Resistant starches act a lot like fiber in your body passing through the stomach and small intestine into your colon where they’re fermented by your gut bugs.
If you’re a big red meat eater experts say it’s a good idea to include plenty of resistant starches in your diet. According to research published in the journal Cancer Prevention Research, eating 40 grams of resistant starches per day significantly slashed the number of colorectal cancer promoting molecules in volunteers body’s, bringing them back down to baseline without having to cut back on the red meat in their diets.
Other foods that contain resistant starches include not quite ripe (green) bananas, beans, lentils and chickpeas.
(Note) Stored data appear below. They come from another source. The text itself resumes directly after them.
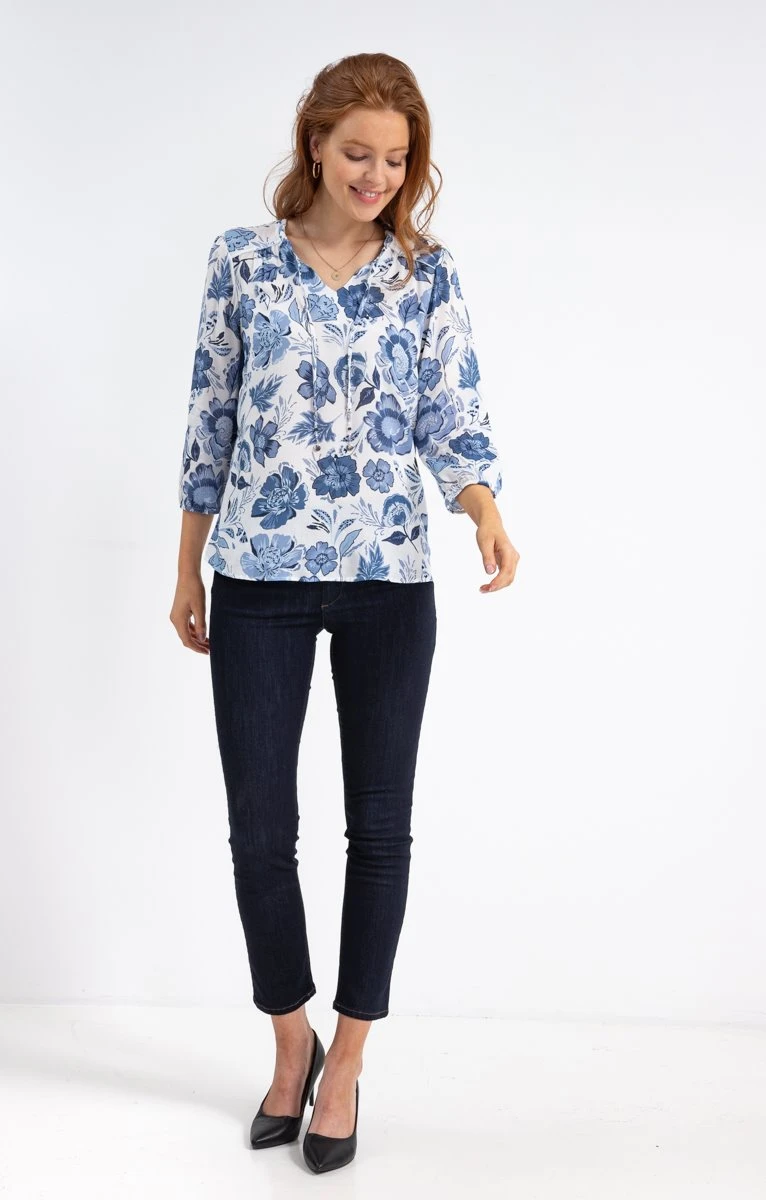 Blouse bicolore à fleurs. Coupe droite fluide. Manches 3/4 avec poignets élastiqués. Col V avec liens. Imprimé à motifs grosses fleurs sur fond uni, sur l’ensemble du modèle. Bicolore. Découpe et fronces sous les épaules. Découpe horizontale et fronces au dos. Perles en finition des liens. Notre mannequin Anna mesure 1m80 et porte une blouse taille 1.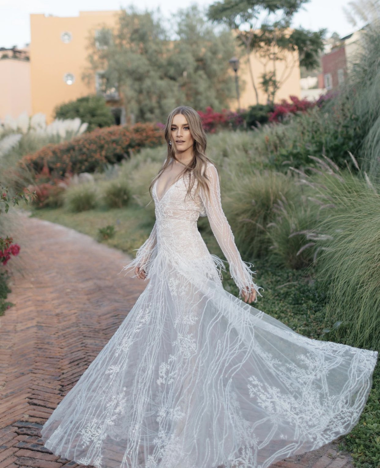Pelin is one of our iconic gowns made of lace, delicate beads and feathers! The perfect combination of daring and dreamy.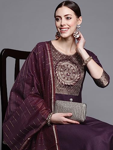 INDO ERA Women’s Cotton Yoke Design Straight Kurta Pant with Dupatta Set

And while you’re at it be sure to include plenty of other high fiber foods in your diet. According to the American Institute for Cancer Research, for every 10 grams of fiber you eat per day your risk of colon cancer is cut by 10 percent.
There are lots of great reasons to eat spinach, but one you don’t often hear about is the green’s magnesium content. Spinach is loaded with this critical mineral. In fact, it only takes one cup of cooked spinach to get 40 percent of your recommended daily amount of magnesium.
Experts say low magnesium levels, especially in folks carrying around a few extra pounds, are associated with certain types of cancers, including colon cancer. But bumping up your levels could help.
According to a study published in The Journal of Clinical Nutrition every 100 gram increase of magnesium in the diet is linked to a 13 percent lower risk of colorectal tumors, and 12 percent lower risk of colorectal cancer. And a study out of Sweden found women with the highest magnesium levels were 40 percent less likely to develop colorectal cancer than ladies with the lowest amounts in their diets.
Colon cancer is a killer, but you don’t have to become its next victim. Slash your risk of deadly colon cancer starting today by eating more of these seven colon cancer blocking foods.